В дни войны: Семейная хроника - [54]

Шрифт
Интервал

Бабушка говорила, что родители Тани в один год погибли от туберкулеза. (Мы переводили на более понятый язык — туберкулез дворянских семейств.) Бабушка была приветлива с нами, но строга с Таней и часто приходила к тете Мане, просила, чтоб она с Таней была бы требовательна и заставляла ее побольше работать. Таня называла бабушку Би-ба-бо, и мы, не задyмываясь, тоже вторили — и почтенную даму (правда, за ее спиной) — иначе не называли. С разрешения и согласия Таниной бабушки мы сделали Таню опекуном квартиры, о чем родители написали соответствующее свидетельство. Тане объяснили и показали как работает секрет на двери. Без знания этого секрета ключи не помогут — дверь не откроется и ее нужно будет выламывать. Таня обещала наведываться в квартиру. Вскоре умерла бабушка Тани. Таня писала нам на Кавказ, что наведывается в квартиру часто и много вещей перенесла к себе на наших велоcипедаx. Таня Крылова вышла (после войны) замуж. Ее фамилия Антонова. У нас есть ее адрес, но мы ей все эти годы не писали.
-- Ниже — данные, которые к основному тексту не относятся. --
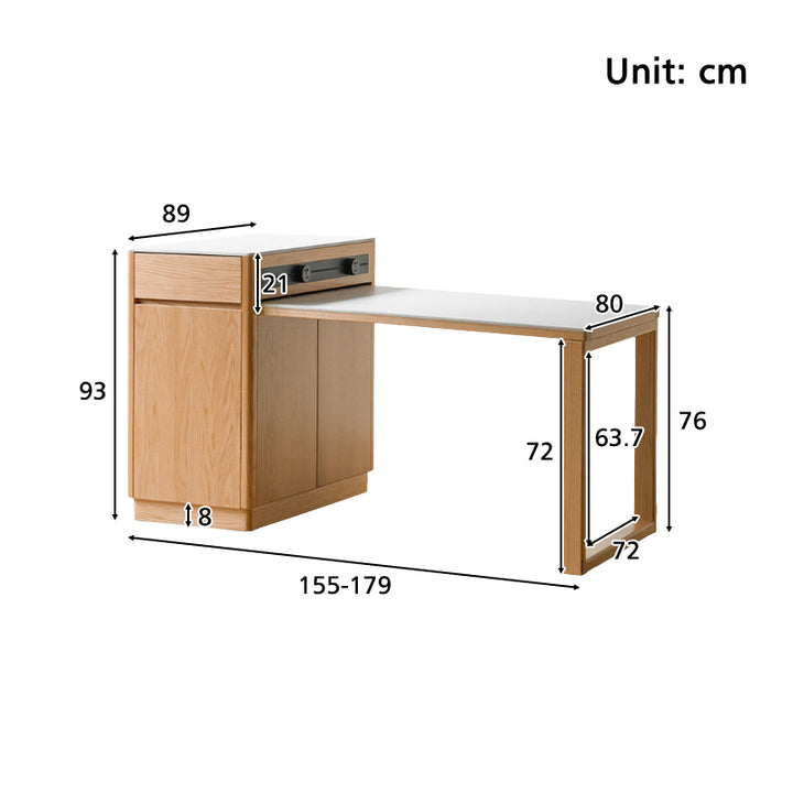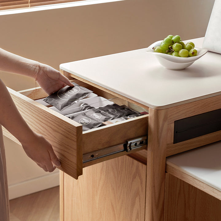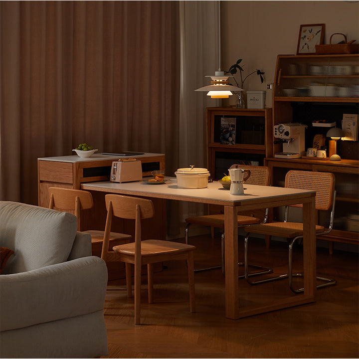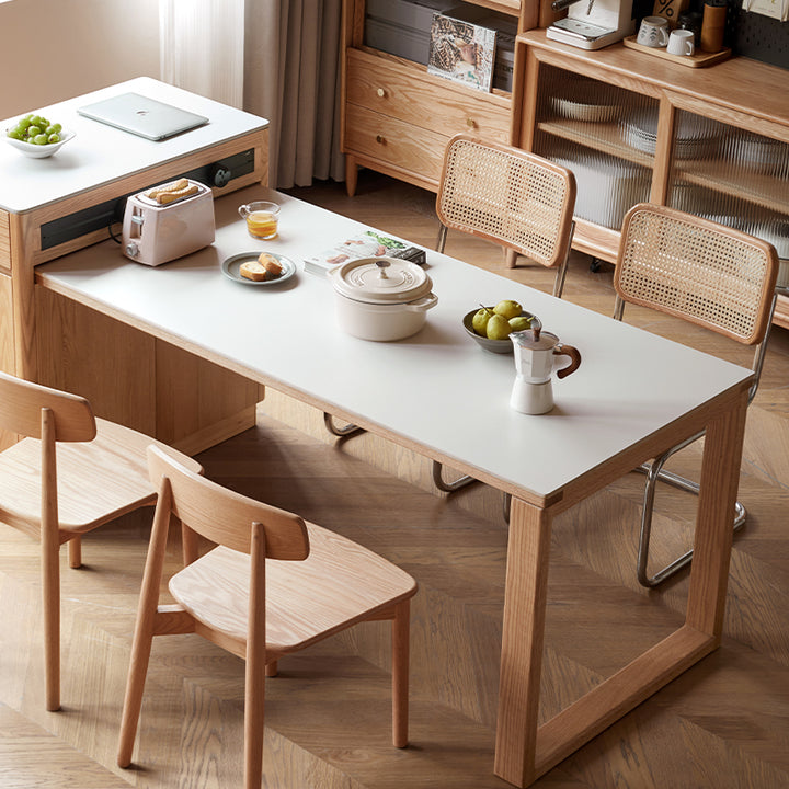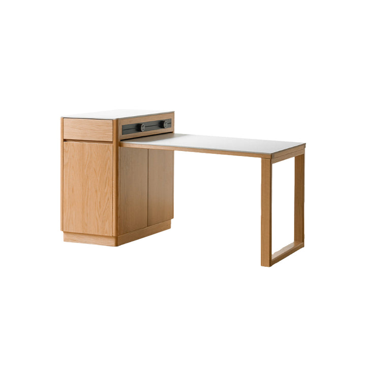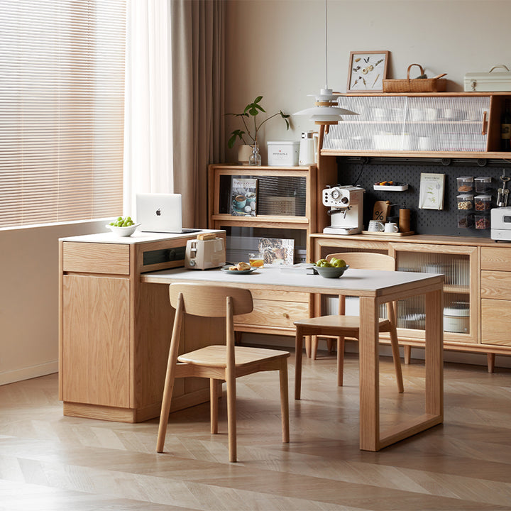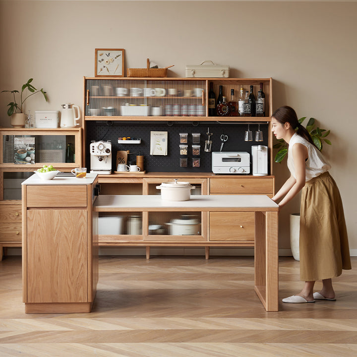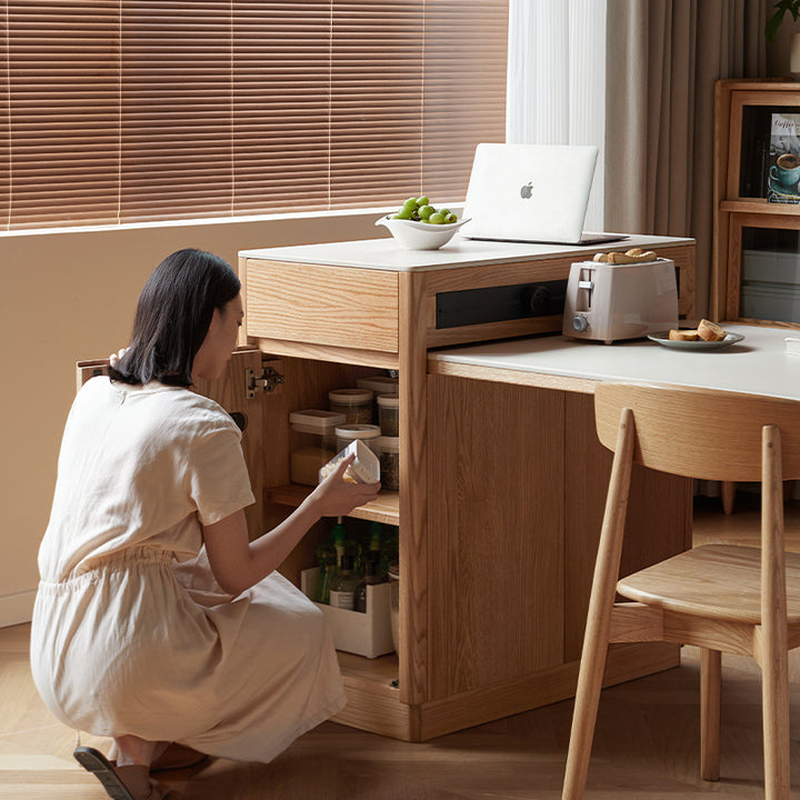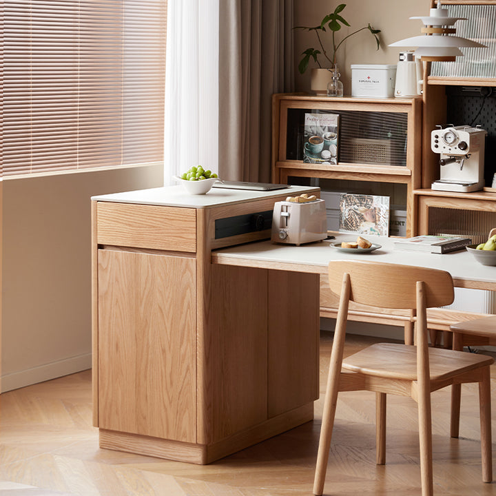 Casey FAS-Graded Solid American Oak Wood Kitchen Island with Extendable Ceramic Dining Table
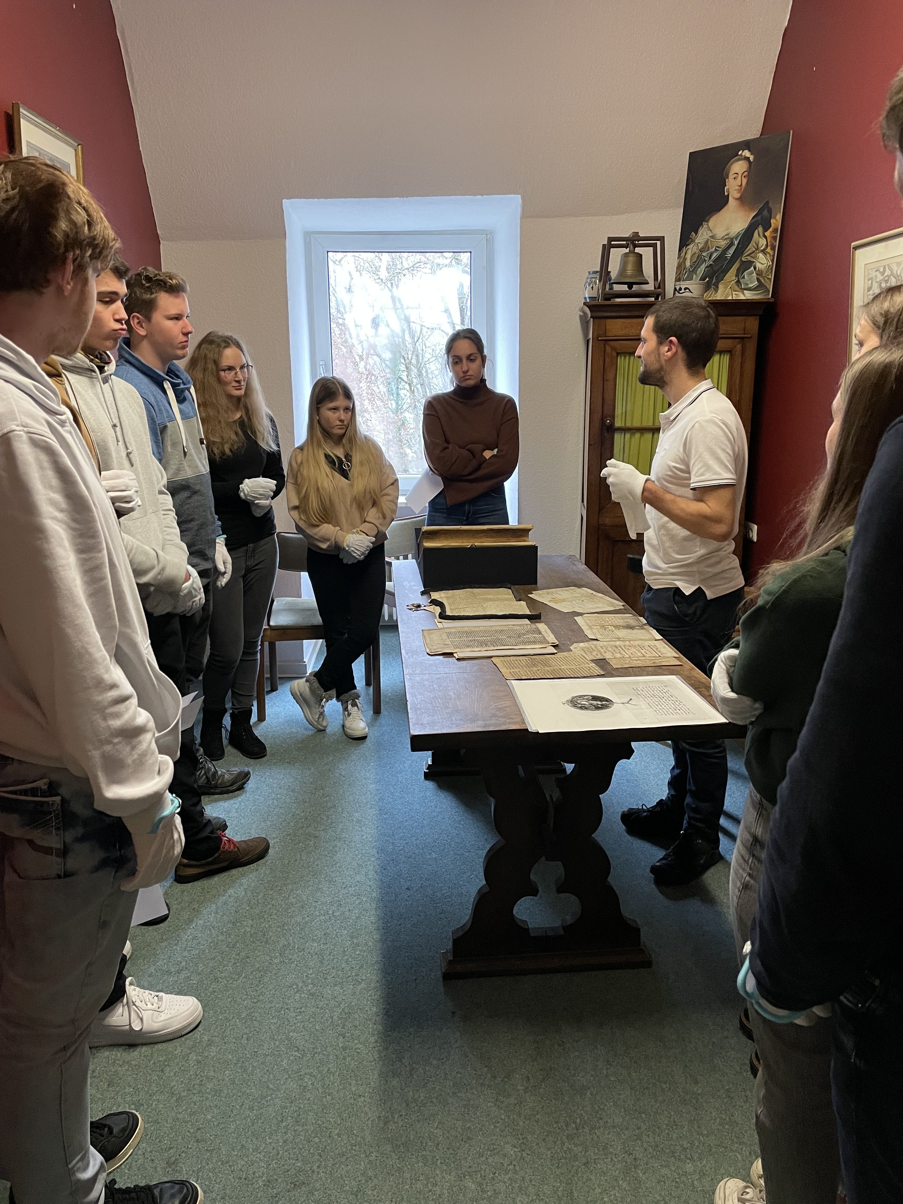 Herr Dietrich hat den Schülerinnen und Schülern einen Einblick in seine Arbeit als Stadthistoriker gegeben, die aus den drei Hauptaufgaben Bewertung/Übernahme von archivwürdigem Schriftgut, dessen Erschließung und schließlich der Sicherung und Bestandserhaltung besteht. All diese Aspekte des Berufs durften die Schülerinnen und Schüler danach vor Ort live sehen und anfassen – natürlich mit Handschuhen, um das teilweise viele hundert Jahre alte Schriftgut nicht zu beschädigen.
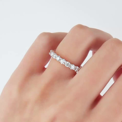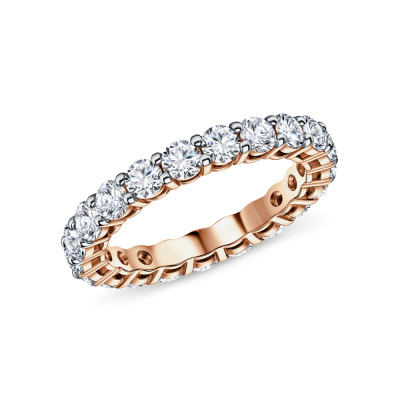 Кольцо с 20 бриллиантами природными, 2.17 карат, огранка круг 57 граней, цвет 3, чистота 6, тип огранки А; Розовое золото 585 пробы.
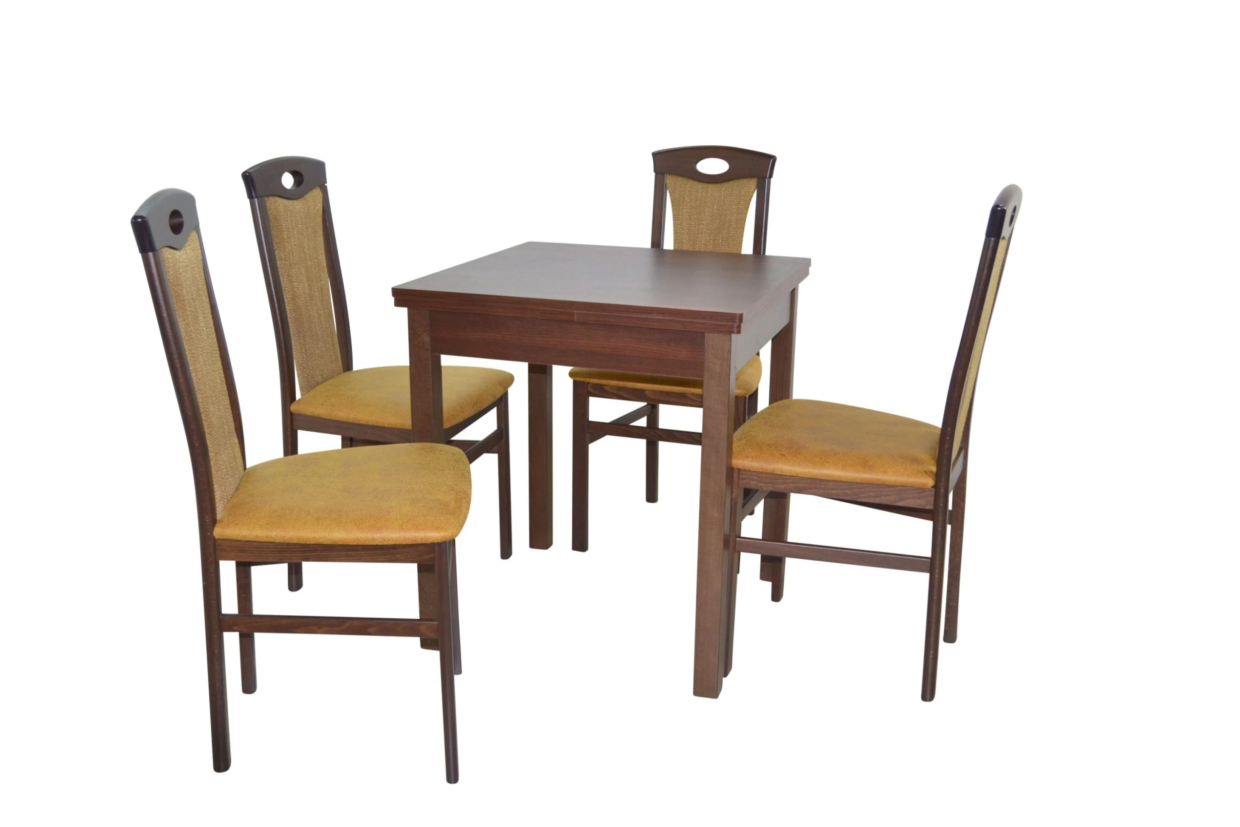 Hochwertige 5tlg. Essgruppe bestehend aus 4 Massivholzstühlen und 1 Esstisch mit zwei Ansteckplatten zum Vergrößern. Stühle aus Massivholz Buche, nussbaumfarben gebeizt und lackiert. Sitz und Rücken sind bequem schaumstoffgepolstert und mit attraktiven Stoffbezügen bezogen. Sitz mit einem Bezug in Kunstlederoptik (100% Polyester), Rücken mit einem Strukturstoffbezug (90% Polyester/10% Rayon). Praktisch die eingearbeitete Griffmuschel im oberen Rückenbereich. Esstisch mit zwei Ansteckplatten (je ca. 30 cm breit), die rechts/links unter der Tischplatte eingeschogen sind, dadurch lässt sich die Tischplatte einfach und schnell von 67 cm bis auf 127 cm vergrößern. Beine vom Esstisch aus Massivholz Buche, nussbaumfarben gebeizt und lackiert. Platten aus Holzwerkstoff die mit einem pflegeleichten Melamin-Holzdekor, Nussbaum-Nachbildung, beschichtet sind. Die Stühle werden montiert angeliefert, der Esstisch flach verpackt zur Selbstmontage, inklusive Aufbauanleitung. Maße ca. cm je Stuhl: (B/H/T) 45/95/48. Sitzhöhe ca. 46 cm, Sitztiefe ca. 39 cm. Maße ca. cm Esstisch: (B/H/T) 67-127/75/67.
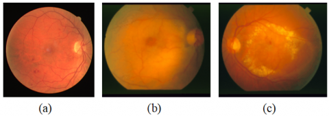(a) Background diabetic retinopathy; (b) Retinal artery occlusion; (c) Arteriosclerotic retinopathy
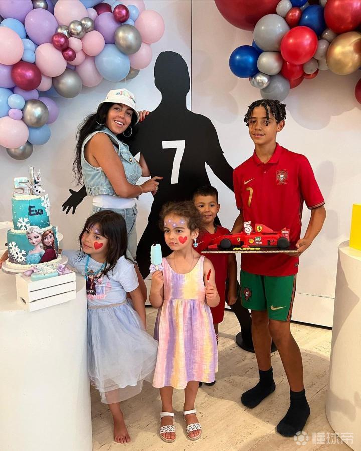 乔治娜为5岁龙凤胎庆生,4个孩子模仿C罗庆祝动作
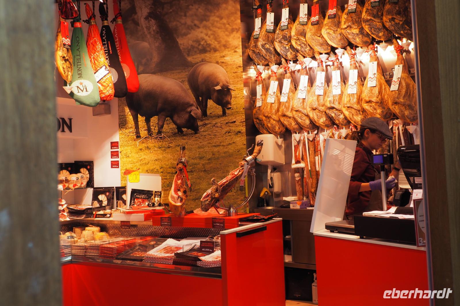 So ist der Schinken dieser Schweine, der berühmte pata negra, von bester Qualität. Natürlich ist es besonders wichtig, welches Futter diese Schweine bekommen. Wichtig für den Geschmack ist aber auch wie lange der geräucherte Schinken gelagert worden ist.
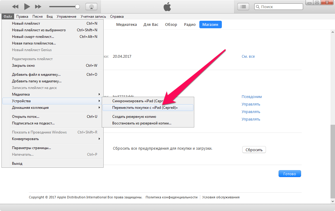 Готово! Проверить успешный перенос данных с iPhone в iTunes вы можете в меню «Правка
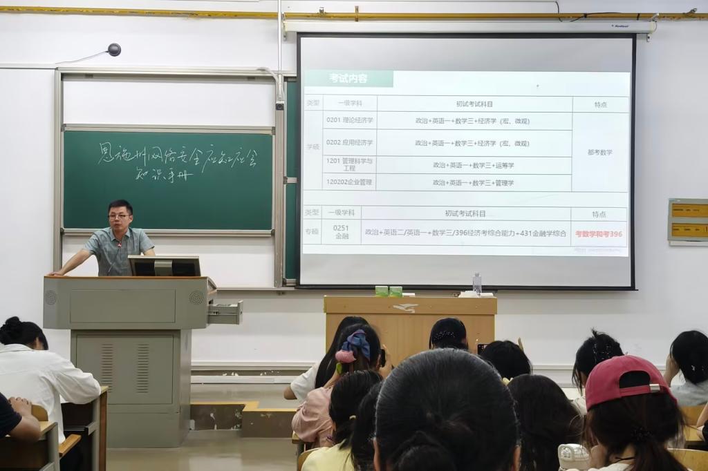 本网讯 (记者 吴德一 徐彤彤/文 沈莹莹 陈环照/图)2025年9月14日,44118太阳成城集团经济与管理学院考研专题讲座在修远楼5B315教室举行。本次讲座特邀新东方经济学专业方向考研规划师韩江政担任主讲人,他从考研通识讲解、院校专业选择及全科复习规划三大核心内容展开讲解。
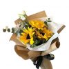 [材料]:3枝精选向日葵,尤加利,洋桔梗搭配。 [包装]:白色雪梨纸内衬,牛皮纸外包,黑色字母缎带
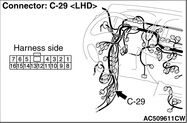 (3)Measure the voltage between A/T-ECU connector C-19 terminal No.9 and earth. OK: System voltage
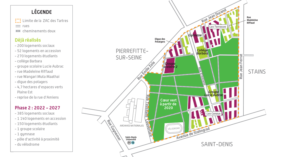 À cheval sur Stains, Saint-Denis et sa commune déléguée Pierrefitte-sur-Seine, le site emblématique des Tartres est au centre d’un ambitieux projet d’aménagement débuté en 2012 et qui redessine progressivement ses contours : création d’un nouveau quartier mêlant logements, équipements publics et activités, organisé autour d’un vaste cœur vert agricole et paysagé.
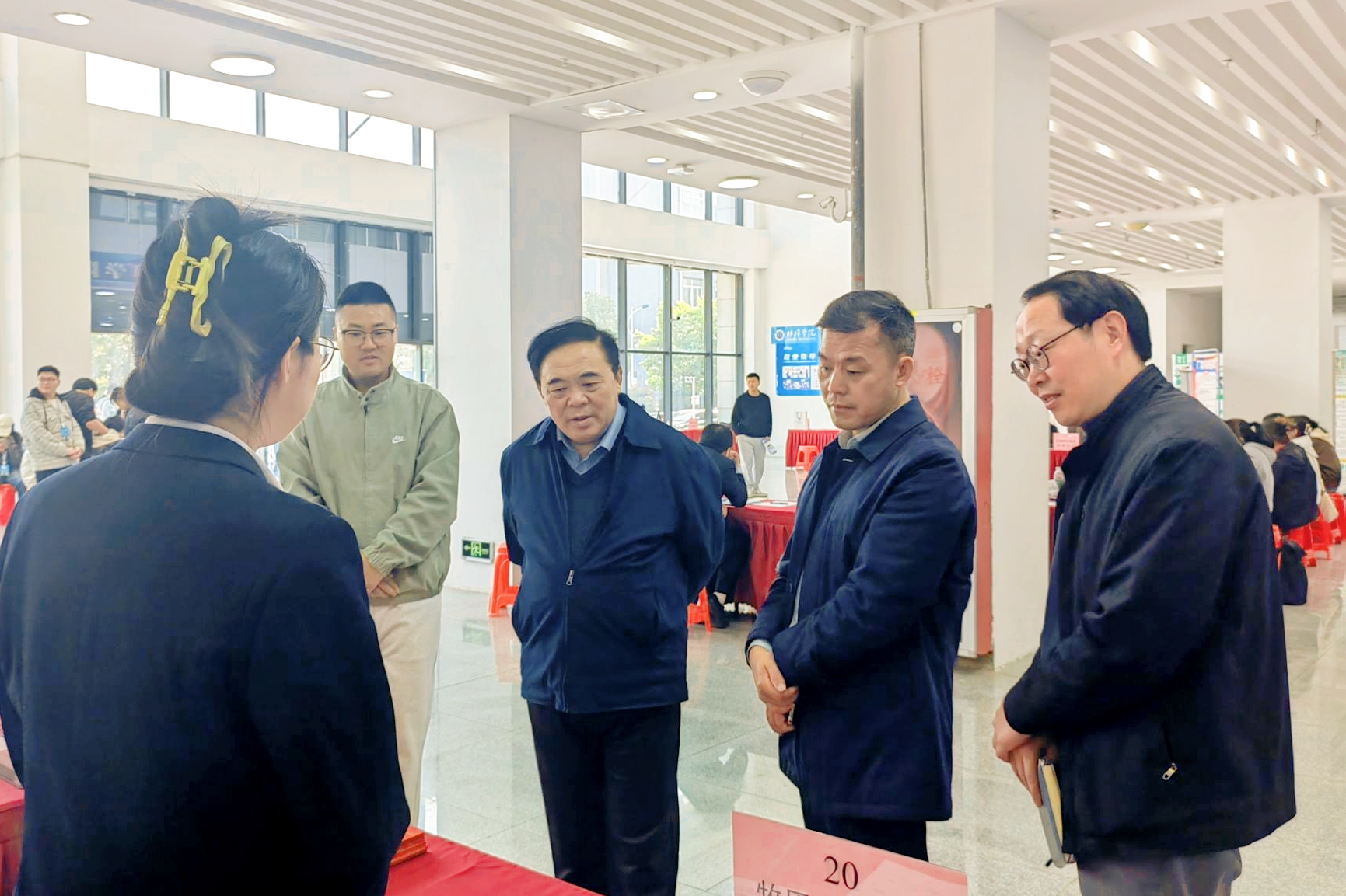 韦文联、张尔桂与参会企业亲切交谈,对他们的到来表示热烈的欢迎。他们表示,本次招聘会是学校构建全链条就业服务体系的重要一环,学校将持续深化校企协同,从专业设置、实践教学到就业服务全面对接产业需求,为毕业生铺就高质量就业快车道,为社会输送更多厚基础、强能力、敢担当的新时代英才。衷心希望,参会企业能够经常性来校招聘宣讲,对于已经录取的毕业生能够持续关注,做深做实推进校企人才需求对接。
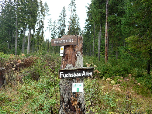 Leicht ansteigend ging es wieder in den Wald, wo jeder Waldweg seinen eigenen Namen hat. So passierten oder liefen wir auf Wegen mit so klangvollen Namen wie „Weibermoosweg“, „Fuchsbau-Allee“ oder auch „Seemanns-Allee“.

К полудню приехал к воротам дома автобус, наполненный студентами и преподавателями института. За нами. Папа и Романовский даже автобус выхлопотали, и правда, институт ехал с институтскими пожитками. Все, что осталось от еще живых людей инcтитута, поместилось с багажом и семьями — в одном автобусе. Остальные не пережили первых зимних месяцев блокады. Нам помогли перенести багаж в автобус: удивительно, что были еще среди студентов довольно крепкие молодые люди. Пока переносили из квартиры и укладывали вещи в автобус, к нам с мамой подступили женщины из нашего дома — дворничиха, Жена Огуреева и активистки жакта. Они стали нас закидывать вопросами: когда мы вернемся, вернемся ли вообще, что мы будем делать с квартирой, с мебелью с вещами и т.д. Поразили меня их жадные горящие глаза — почти безумные (хотя они не были диcтрофиками). Я бы не удивилась, если бы они сразу после нашего отъезда заспешили наверх выламывать дверь нашей квартиры. Если б у них била сила в руках. Папа, установив на двери секрет, спустился к автобусу, и мы все разместились на тюках и медленно поехали по скользкому неровному ледяному пути к Финляндскому вокзалу.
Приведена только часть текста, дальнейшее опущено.